ULYSSES — One hundred and seven boxes packed with local dairy products were given away on Saturday during a “dairy drive-thru” here. Cars began lining up along the road near The Carpenter’s Shop before 10 a.m. and the boxes were gone within 45 minutes of the start of the drive-thru.

Allyson Anderson, a farm animal vet and owner of Headwaters Veterinary Service, in conjunction with Lacy Miles, an agriculture teacher at Northern Potter, organized a fundraiser, which raised $3,165, to purchase local dairy products for the give away.

Inside the boxes were several locally sourced dairy products, such as raw milk, sour cream, cottage cheese, yogurt, cream cheese, block cheese, string cheese and at least one sweet item, such as Reddi-Whip. God’s Country Creamery donated raw milk and cheeses for the drive-thru, as well.

The drive-thru comes at a time when dairy farmers across the nation are forced to dump milk due to a number of reasons, including an inequitable supply-and-demand chain. With the drive-thru, Anderson said she hoped to feed the community and introduce people to nutritious dairy products while supporting local farmers by purchasing products from companies that source their milk from Potter County.

“I’m so appreciative of all of the help we received and all the community members who came out to support our local farmers,” Anderson said. “This is truly a great community to be part of. I love my Potter Countians.”
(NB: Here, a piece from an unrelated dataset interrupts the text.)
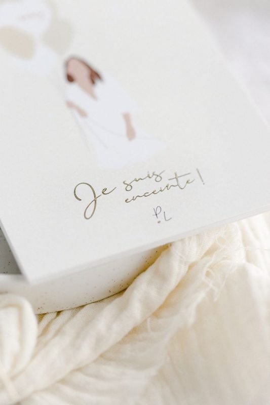 Une invitation, tout le monde croira à l’annonce de votre mariage, mais en lisant jusqu’au bout, ils comprendront qu’ils sont invités à la maternité pour la date du terme. On peut aussi le faire sous forme de cocotte en papier pour rendre ça plus drôle.
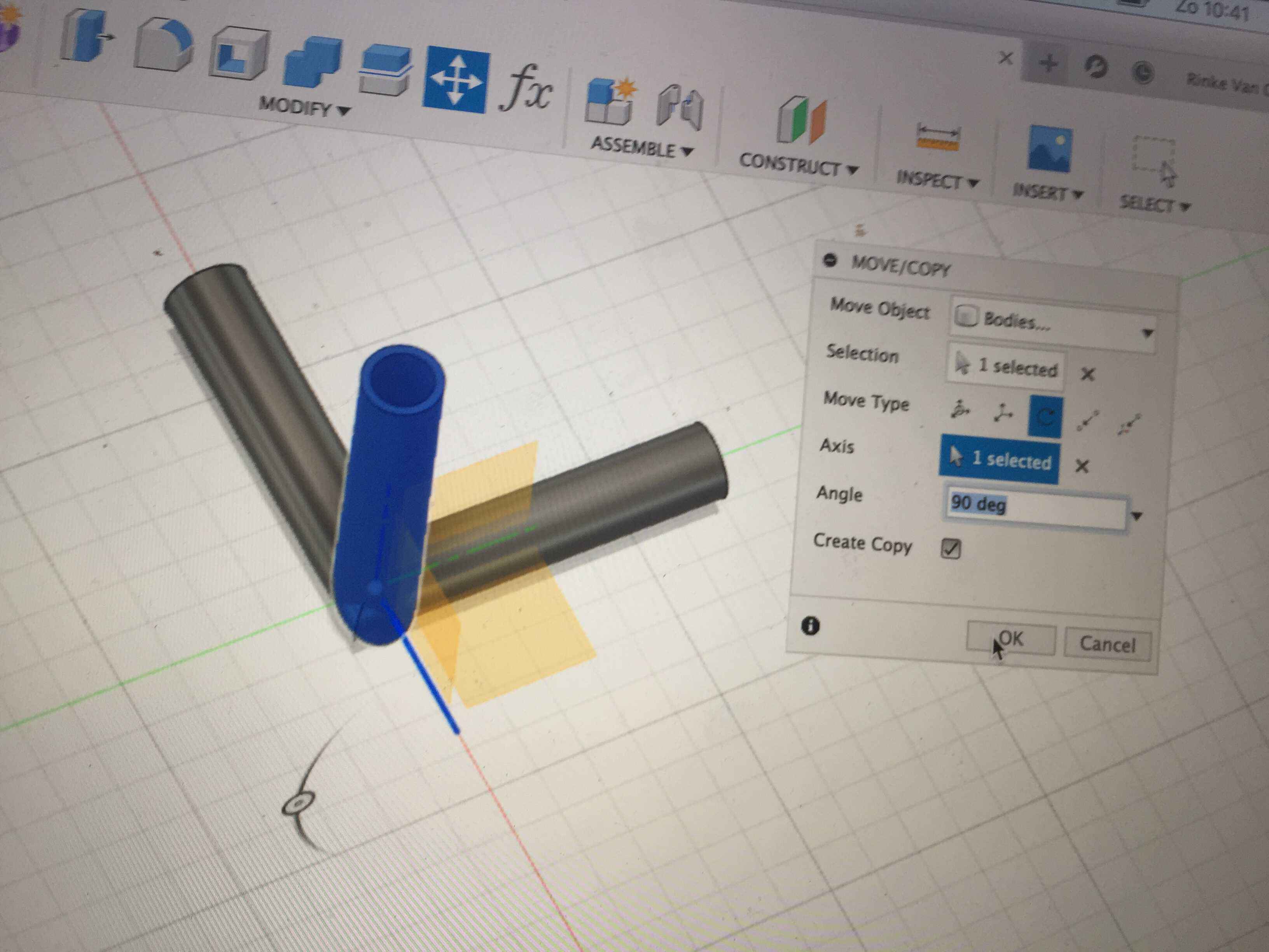 With Move/Copy I could make the third tube. I turned it 90º verticaly.

Members of the Headwaters FFA chapter also attended the dairy drive-thru, selling T-shirts and raising money for “Friends of Local Dairy Families,” organized by Lacy, Kendra and Annette Miles. The proceeds will be used to purchase gift cards, food, cleaning supplies and household items in a care package to local farmers who have had to dump milk. Prior to the drive-thru, the group had left care packages at 33 farms, most of them twice.

To make this possible, Potter County Beverage donated its cooler trailer to store the dairy products in, The Carpenter’s Shop donated the use of its parking lot and Tri-Town Volunteer Fire Company controlled traffic before, during and after the drive-thru.